Budget disputes stall amid partisan sniping
September 29, 1999
Web posted at: 7:19 p.m. EDT (2319 GMT)
WASHINGTON -- With the new fiscal year fast approaching on Friday, little work was done Wednesday on overdue spending bills and partisan rhetoric heated up over budget disputes.
But the urgency to pass the eight remaining budget bills eased because President Bill Clinton plans to sign an stopgap spending bill that will fund the government's operations through October 21.
Disputes among the GOP and between Republicans and Democrats held up several bills. Republicans lacked the votes to even try voting on the $12.6 billion foreign aid bill through the House. Democrats solidly opposed the bill due to $2 billion cut from Clinton's proposal and traditional Republican foreign aid opponents and conservatives were angry that language was dropped barring money for groups seeking to ease abortion laws overseas.
In the Senate, lawmakers debated for hours over Clinton's plan to hire 100,000 additional teachers, slowing work on a $324 billion measure financing labor, health, and education programs.
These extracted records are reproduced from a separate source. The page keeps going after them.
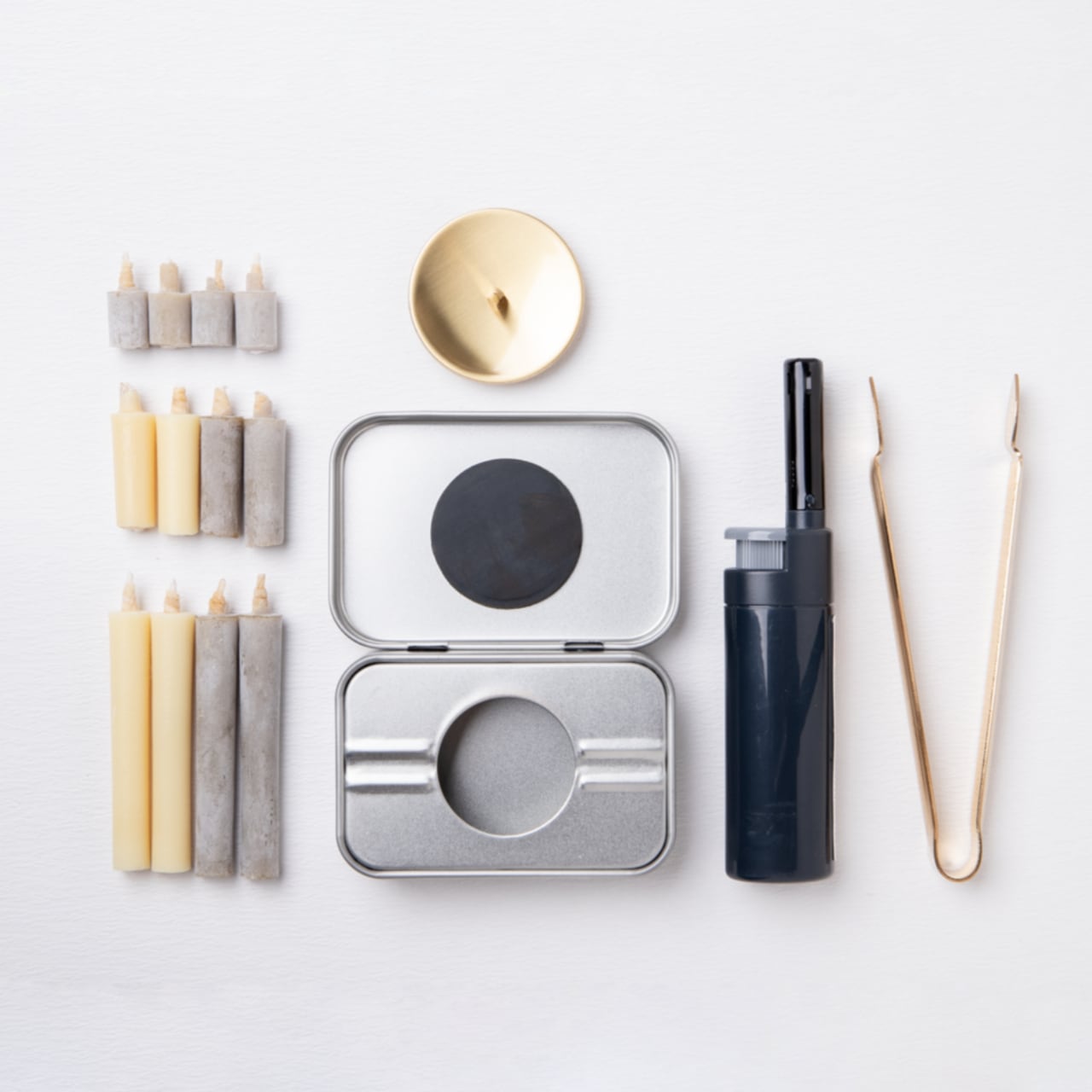 《ロウソク瞑想にフォーカスした和ろうそくセット》おうち時間の癒しに 和ろうそくを楽しむ7点セット(ろうそく、燭台、ライター、芯切り、芯入れ付き)| 京ROUSOKU+
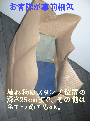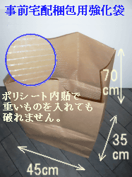 事前梱包袋10枚・エアパッキン1枚・養生テープ1個を事前宅配。レンタル段ボール10枚引越し当日持参。袋ごと格納し配送。
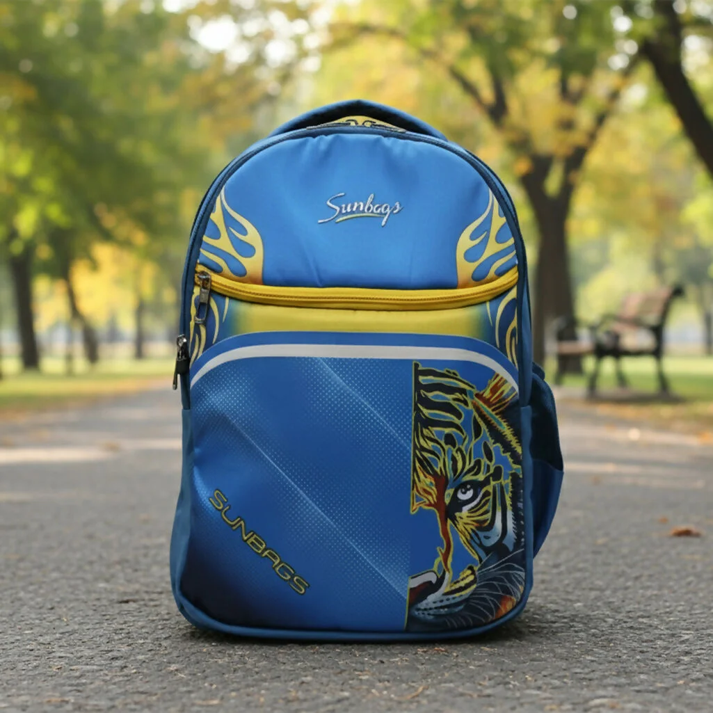 sunbags college backpack, multicolor tiger print backpack, tiger print school bag, lightweight backpack, durable school bag, college backpack, kids tiger backpack,spacious compartments backpack, adjustable straps backpack, front pocket bag,printed backpack, student book bag, stylish backpack
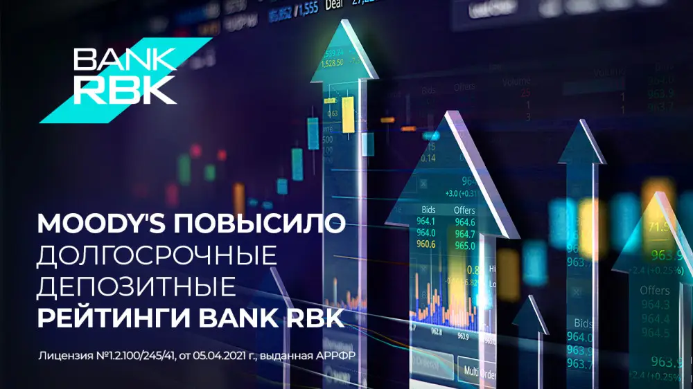 Международное рейтинговое агентство Moody’s Investors Service (Moody’s) повысило долгосрочные депозитные рейтинги АО "Bank RBK" до Ba2 с Ba3, а также базовую оценку кредитоспособности (BCA) и скорректированную BCA до ba3 с b1. Прогноз по долгосрочным рейтингам находится на "стабильном" уровне.
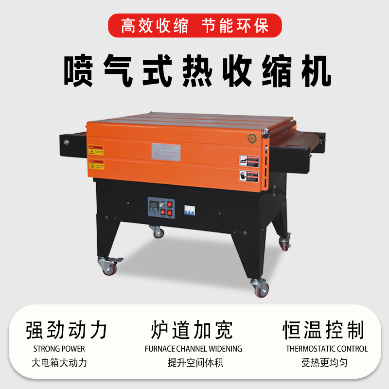 - 收縮均勻度高:噴氣式熱收縮機(jī)通過噴氣系統(tǒng)將熱空氣均勻地噴射到包裝薄膜上。熱空氣能夠全方位地包裹產(chǎn)品,使得薄膜在各個(gè)方向受熱均勻。例如,在包裝正方體形狀的產(chǎn)品時(shí),熱空氣會(huì)從產(chǎn)品的六個(gè)面同時(shí)作用,讓薄膜在各個(gè)面都能以相近的速度收縮,避免出現(xiàn)局部收縮過度或收縮不足的情況,從而使包裝后的產(chǎn)品外觀更加平整、美觀。
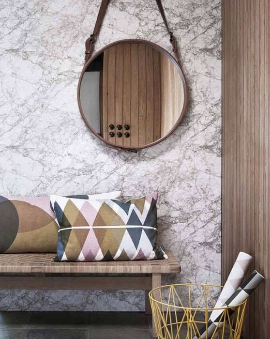 Ya que en las reformas están de moda el mármol y el terrazo como materiales de construcción, era lógico que el papel pintado imitara estos elementos más pronto que tarde. Su punto fuerte es la elegancia que consigue imprimir a cualquier sala a través de sus formas, colores y texturas de piedra. También nos sirve para ahorrar dinero al lograr un efecto parecido sin tener que emplear esos costosos materiales, logrando que nuestras paredes luzcan de una manera única y original.
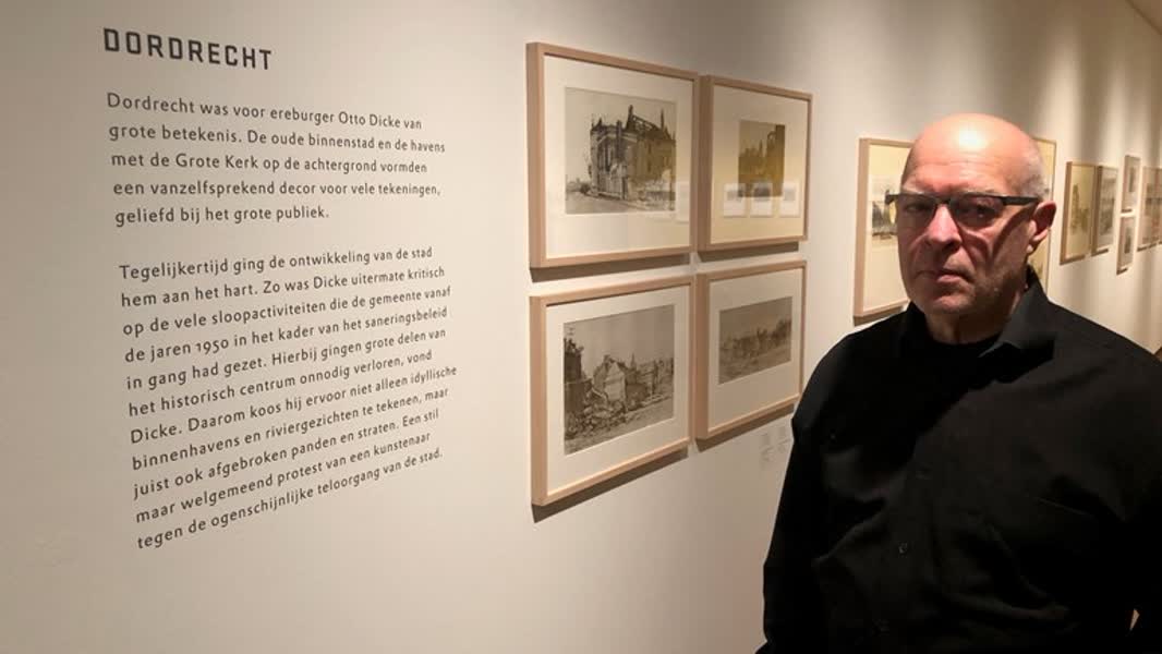 Dicke tekende ook veel Dordtse stadsgezichten, onder meer van dingen die gesloopt werden. "Dat stoorde hem enorm. Hij schreef daarover ook brieven aan de gemeenteraad. Waar zijn jullie nou mee bezig...?" Een kritische ereburger? "Ja, dat kun je wel zeggen ja."

The result was a near party-line 53-45 to provide $1.2 billion that states could use for hiring teachers, buying school equipment or other educational purposes -- contingent on passage of a separate bill creating the new program. Clinton proposed $1.4 billion, specifically for continuing to pay the first 29,000 teachers hired last year and to hire 8,000 more.
"If we'd follow the Republican position, we'd put Uncle Sam on the sidelines" for education, said Sen. Edward Kennedy (D-Massachusetts),adding that the new program might never be approved.
Sen. Judd Gregg (R-New Hampshire) said Democrats were mainly interested in a political issue.
"That's why this has been put forward. This is a polling event," Gregg said.
The president has threatened to veto the legislation funding the Departments of Labor, Health and Human Services and Education. He said the legislation does not contain enough money to hire teachers, cuts funding for education technology and underfunds after- school programs and a mentoring program for college-bound students.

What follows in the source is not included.